Wells Fargo's high-pressure sales culture starts at the top

After reports of fraud, identity theft and forgery, Wells Fargo has promised to clean up its act. But based on recent statements by the CEO, the bank’s troubles are just beginning.

Over the span of five years, Wells Fargo fired 5,300 employees for opening as many as 2 million fake accounts. Roughly 85,000 of those accounts incurred $2 million in fees.

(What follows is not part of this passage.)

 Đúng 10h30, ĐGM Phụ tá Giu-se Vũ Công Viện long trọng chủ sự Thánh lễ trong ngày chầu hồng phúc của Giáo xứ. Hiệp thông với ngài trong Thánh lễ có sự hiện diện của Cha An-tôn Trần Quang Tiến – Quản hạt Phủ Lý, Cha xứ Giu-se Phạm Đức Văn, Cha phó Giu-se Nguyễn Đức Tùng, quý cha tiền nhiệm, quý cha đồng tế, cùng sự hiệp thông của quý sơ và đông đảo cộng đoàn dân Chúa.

In many cases, customers were unaware of the accounts and the accompanying fees. Those accounts became delinquent, and customers were forced to fight with debt collectors over the fraudulent charges. Their credit reports were damaged, which affects everything from job applications to mortgages.

Wells Fargo’s bad apples

Wells Fargo describes the problem as the actions of just a few low level employees– not a systemic issue, and not something that represents company culture. The CFO, John Shrewsberry, explained,

These bad practices were not a revenue-generating activity. It was really more at the lower end of the performance scale, where people apparently were making bad choices to hang on to their job.

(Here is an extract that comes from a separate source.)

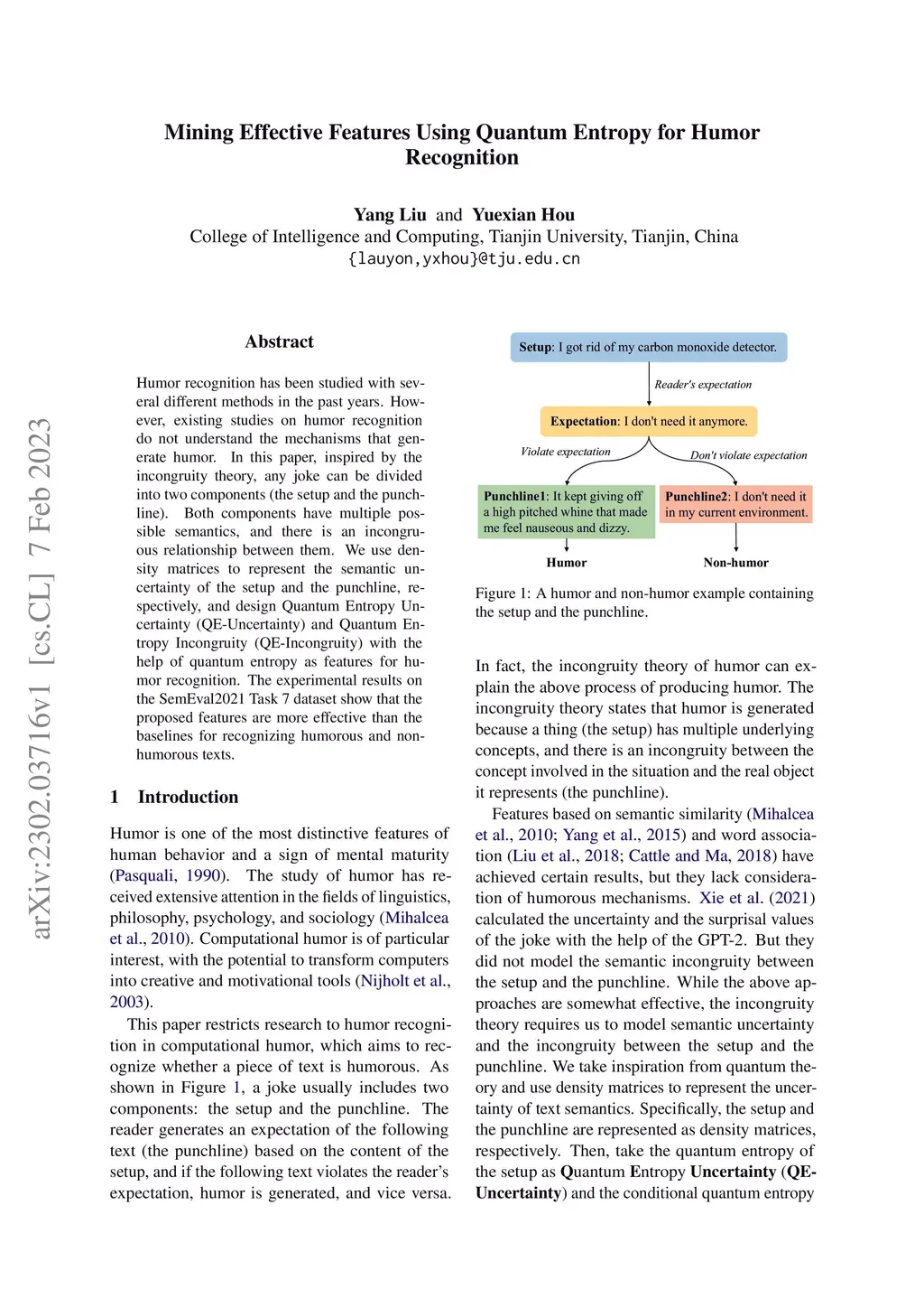 Humor recognition has been extensively studied with different methods in the past years. However, existing studies on humor recognition do not understand the mechanisms that generate humor. In this paper, inspired by the incongruity theory, any joke can be divided into two components (the setup and the punchline). Both components have multiple possible semantics, and there is an incongruous relationship between them. We use density matrices to represent the semantic uncertainty of the setup and the punchline, respectively, and design QE-Uncertainty and QE-Incongruity with the help of quantum entropy as features for humor recognition. The experimental results on the SemEval2021 Task 7 dataset show that the proposed features are more effective than the baselines for recognizing humorous and non-humorous texts.

The CEO, John Stumpf, agreed, telling The Wall Street Journal, “The 1% that did it wrong, who we fired, terminated, in no way reflects our culture,” and that “[t]here was no incentive to do bad things.”

So why did 5,000 people do bad things with “no incentive”?

Eight rhymes with great

According to a complaint filed last year, employees were often required to work unpaid overtime to meet unreachable goals:

Wells Fargo has strict quotas regulating the number of daily “solutions” that its bankers must reach; these “solutions” include the opening of all new banking and credit card accounts. Managers constantly hound, berate, demean and threaten employees to meet these unreachable quotas.

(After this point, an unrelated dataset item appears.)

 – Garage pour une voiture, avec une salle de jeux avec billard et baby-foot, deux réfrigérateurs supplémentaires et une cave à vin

Bankers weren’t expected to just open one account for a customer. They had to open multiple accounts, known as cross-selling. If a customer has a checking account, a banker would be expected to sell them a mortgage, sell them wealth-management products, or credit card accounts. Management set a goal of eight products per customer. Every single person who walked into a Wells Fargo branch needed to have eight accounts.

Why eight? Stumpf addressed this question in the company’s 2010 annual report:

I’m often asked why we set a cross-sell goal of eight. The answer is, it rhymed with “great.” Perhaps our new cheer should be: “Let’s go again, for ten!”

That’s a goal not based on branch traffic or an analysis of customer demand, but based on wordplay.

A rock and a hard place

Over the past five years, there were numerous signs that Wells Fargo’s strict sales quotas created problems, from customer complaints to labor lawsuits. These suits alleged the company forced employees to work beyond their typical schedule without pay– in some cases to meet sales goals. Top reviews on Glassdoor.com warned of the perverse incentives, while dozens of Youtube videos spoofed the bank’s aggressive sales environment.

One employee, Bill Bado, decided to alert the company’s ethics department of the problems in 2013. Shortly after, he was fired, according to a report by CNN Money.

CEO John Stumpf recently admitted to being aware of the problems in 2013, when the LA Times published a scathing piece, which described a micro-managed, high-pressure sales culture:

One former branch manager… discover[ed] that employees had talked a homeless woman into opening six checking and savings accounts with fees totaling $39 a month.

“I’m not aware of any overbearing sales culture,” Chief Financial Officer Timothy Sloan said in an interview.

Despite the denials, Wells Fargo held multi-day ethics seminars in 2014 to try to stop employees from making fake accounts. But, according to The Wall Street Journal, the message didn’t quite get through to one manager, who after the meeting “urged her employees to ignore the bosses and get sales up at any cost.”

The practices continued because the impossible quotas weren’t changed.

Denial at the top

Wells Fargo did announce that it plans to eliminate the aggressive sales goals by next year. But as far as recognizing the pressures placed on employees, that fell short.

When Oregon Senator Jeff Merkley asked if Wells Fargo created a pressure-cooker sales culture that put bankers in an difficult situation, CEO John Stumpf responded, “I do not believe that.”

While Stumpf has repeatedly said that he holds himself accountable, he continues to deny that he instilled a high-pressure environment that fostered the problems.

Change needs to be driven by recognition and true accountability at the top. Until that happens, it’s going to be business as usual.